13:38sjoukejeremyheiler: that makes sense
13:45vdmit11Hi folks. Given an existing object, can I add an implementation of some protocol to this object? I mean, I would like to morph an object, before morphing it doesn't support a certain protocol, after the morphing - it does. Is there some way to do this?
13:46bbloomvdmit11: you want to define a protocol on a particular instance, not on all objects of that type?
13:47vdmit11yes, on a particular instance
13:47bbloomclojurescript has the "specify" macro
13:47bbloombut nothing like that on the jvm
13:48bbloomif you have a small number of protocols to implement, i suggest using reify to create a delegating object
13:48bbloomor, back up a step and explain why you need this. there may be a better solution
13:55vdmit11Well, I'm writing a little music-related program, I need to represent music somehow, so I decided to add a bunch of types like Note, Chord, Phrase, stuff like that, they have some properties in common like pitch or duration and they need to handle them in a different way, so I decided to write a bunch of protocols for such properties. Now, I need to "compose" some music, so I would like to add certain "effects" to those objects, like "vibrato". There must be a
13:58vdmit11Actually these things like Note or Chord are abstract data types, they determined not by the name, but by a set of protocols they satisfy. I use reify to create them and satisfies? to check whether an object can behave like what I want, kinda duck typing. In the code, I can reify what I want from scratch, but in the runtime I would like to create improved version of existing instances, so I have this problem.
14:00vdmit11Now I guess there is no better solution than runtime polymorphism, so I'm going to re-implement this stuff using multimethods and hashmaps.
14:01Jaoodmarco
14:09ambrosebsbbloom: any ideas on how to chaperone a deftype to add contracts to its methods? so far the best idea I have is to use java.lang.instrument to intercept the bytecode before it's defined and add pre/post things to the methods.
14:09bbloomambrosebs: ha! you're getting crazy now :-P
14:10ambrosebsyes this is stupid
14:10bbloomi know nothing about java's instrumentation capabilities
14:10bbloomother than it's pretty good at it, as far as these things go
14:10bbloomit's important for profilers
14:10ambrosebsahk. worth a try :)
14:11bbloomwould be quite a feat if you make it work
14:11bbloomgood luck :-)
14:12ambrosebsthanks!
14:17schmeehow do I combine `with-open` and recursion? just call the function instead of using `recur`?
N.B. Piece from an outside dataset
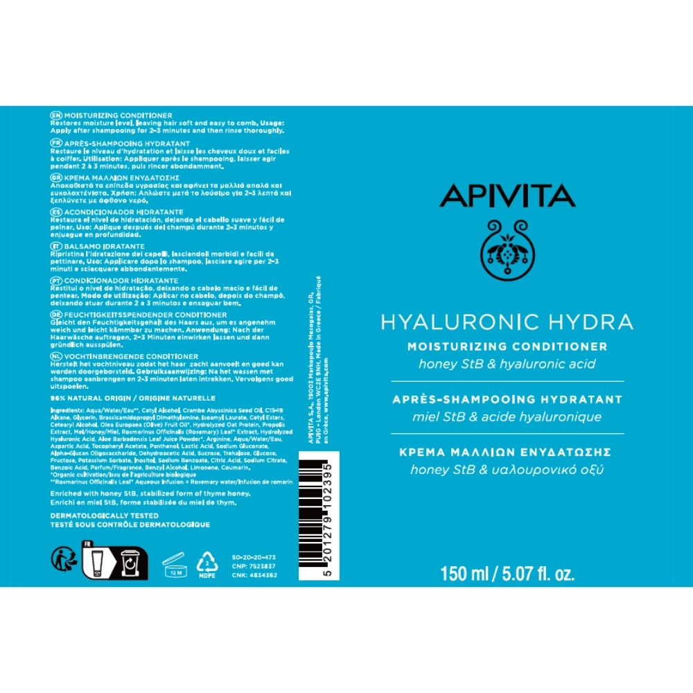 • Hidratează intens prin restabilirea nivelului de umiditate din interiorul fibrei părului, cu acid hialuronic, extract de aloe, miere de cimbru și proteine de ovăz;

14:19bbloomschmee: presumably you don't want to open a file on each go of the recursion...
14:20bbloombut in general, if you want to recurse out of a catch or finally block, clojure/jvm can't promise constant stack space, so you need to call the function by name instead of recur, which enforces a tail call
14:21bbloomin your case, you probably just want to put a loop form inside your with-open
14:22schmeeI solved my problem by splitting the function in two, but thanks for the help!
14:22bbloomschmee: yeah, that's essentially what loop would let you do w/o the split
14:22bbloomschmee: http://clojure.org/special_forms#Special Forms--(loop [bindings* ] exprs*)
14:23bbloomambrosebs: what do you need to add to methods for "chaparones" ?
14:23bbloomchaperones, rather
14:23schmeebbloom: I tried using loop at first, that's when I got the error
14:24bbloomschmee: loop *inside* your with-open ?
14:25schmeebbloom: yep
14:25bbloomwould have to see it
14:27ambrosebsbbloom: basically pre/post conditions that blame the correct party, also to add delayed checks to the return value of a method.
14:27schmeebbloom: I probably did something retarded, but either way it works now :)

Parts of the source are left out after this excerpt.